#### [PROBLEM DETAILS]
A verbatim copy of the full data, with no pictures, is the expected answer.

[SOURCE MATERIAL — start]

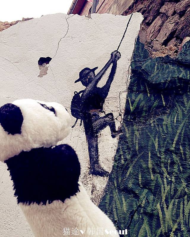 梨花壁画村老妈不太喜欢,因为要不停地爬坡,对她来说这只是一个山顶的村落,即便是到处都是充满艺术感的壁画涂鸦,也没有引起老妈的兴趣,但是我却和熊猫范英俊玩儿的很happy。
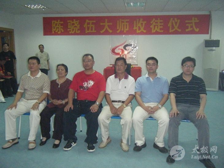 2010年5月26日在广东东莞市清溪槐圆太极拳馆槐圆太极拳广东培训基地,陈骁伍大师在这里举行了隆重的收徒仪式。来自河南安徽 湖南 香港 广东的李天敬 龚高 孙钱龙 骆成杰 陈金辉 魏志才六位武术爱好者拜入陈骁伍大师门下。    清溪镇商会创会会长,永远名誉会长,清溪太极拳研究会会长黄华精先生;清溪镇成教局主任殷志峰先生; 清溪镇文化中心主任 陈淦凡先生;东莞市智囊团法律咨询有限公司总经理,清溪太极拳研究会副会长王黎明先生参加了陈骁伍大师收徒仪式。  会长黄华精先生做来宾发言,对清溪太极拳的发展充满信心。参加仪式的还有清溪各界太极拳爱好者及陈骁伍先生已入门弟子。  来自河南三门峡的李天敬做弟子代表发言。李天敬先生1949年出生, 现年62岁,六八年随许昌拳师禄天华先生学习长拳,有黑虎拳,查拳,四把锤等,九零年习练太极拳,1991年参与组建三门峡习武健身友谊会任秘书长。2002年参加三门峡陈式太极拳研究会任副秘书长。李先生对自己拜入大师门下激动之情溢于言表,当场赋诗一首: 相识吾师已多年 经来结得太极缘 眼拙不见泰山高 五内感怀颜觉忏 六十学艺未为晚 随师再学六十年 探得太极阴阳理 “朝闻夕死”是心愿 |
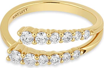 Handcrafted from warm 18-karat gold, this sculptural crossover ring is segmented with sweeps of 12 prong-set diamonds that catch the light like a glittering constellation.
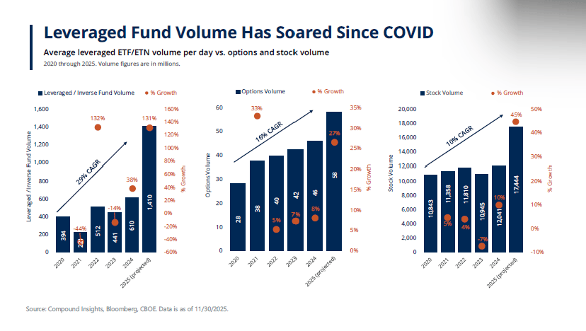 In fact, leveraged ETF and ETNs have caught fire over the last six years, with volumes growing 29% a year since the beginning of 2020. That’s almost triple the pace of stock volume growth.

[SOURCE MATERIAL — finish]

#### [ANSWER]
 梨花壁画村老妈不太喜欢,因为要不停地爬坡,对她来说这只是一个山顶的村落,即便是到处都是充满艺术感的壁画涂鸦,也没有引起老妈的兴趣,但是我却和熊猫范英俊玩儿的很happy。
 2010年5月26日在广东东莞市清溪槐圆太极拳馆槐圆太极拳广东培训基地,陈骁伍大师在这里举行了隆重的收徒仪式。来自河南安徽 湖南 香港 广东的李天敬 龚高 孙钱龙 骆成杰 陈金辉 魏志才六位武术爱好者拜入陈骁伍大师门下。    清溪镇商会创会会长,永远名誉会长,清溪太极拳研究会会长黄华精先生;清溪镇成教局主任殷志峰先生; 清溪镇文化中心主任 陈淦凡先生;东莞市智囊团法律咨询有限公司总经理,清溪太极拳研究会副会长王黎明先生参加了陈骁伍大师收徒仪式。  会长黄华精先生做来宾发言,对清溪太极拳的发展充满信心。参加仪式的还有清溪各界太极拳爱好者及陈骁伍先生已入门弟子。  来自河南三门峡的李天敬做弟子代表发言。李天敬先生1949年出生, 现年62岁,六八年随许昌拳师禄天华先生学习长拳,有黑虎拳,查拳,四把锤等,九零年习练太极拳,1991年参与组建三门峡习武健身友谊会任秘书长。2002年参加三门峡陈式太极拳研究会任副秘书长。李先生对自己拜入大师门下激动之情溢于言表,当场赋诗一首: 相识吾师已多年 经来结得太极缘 眼拙不见泰山高 五内感怀颜觉忏 六十学艺未为晚 随师再学六十年 探得太极阴阳理 “朝闻夕死”是心愿 |
 Handcrafted from warm 18-karat gold, this sculptural crossover ring is segmented with sweeps of 12 prong-set diamonds that catch the light like a glittering constellation.
 In fact, leveraged ETF and ETNs have caught fire over the last six years, with volumes growing 29% a year since the beginning of 2020. That’s almost triple the pace of stock volume growth.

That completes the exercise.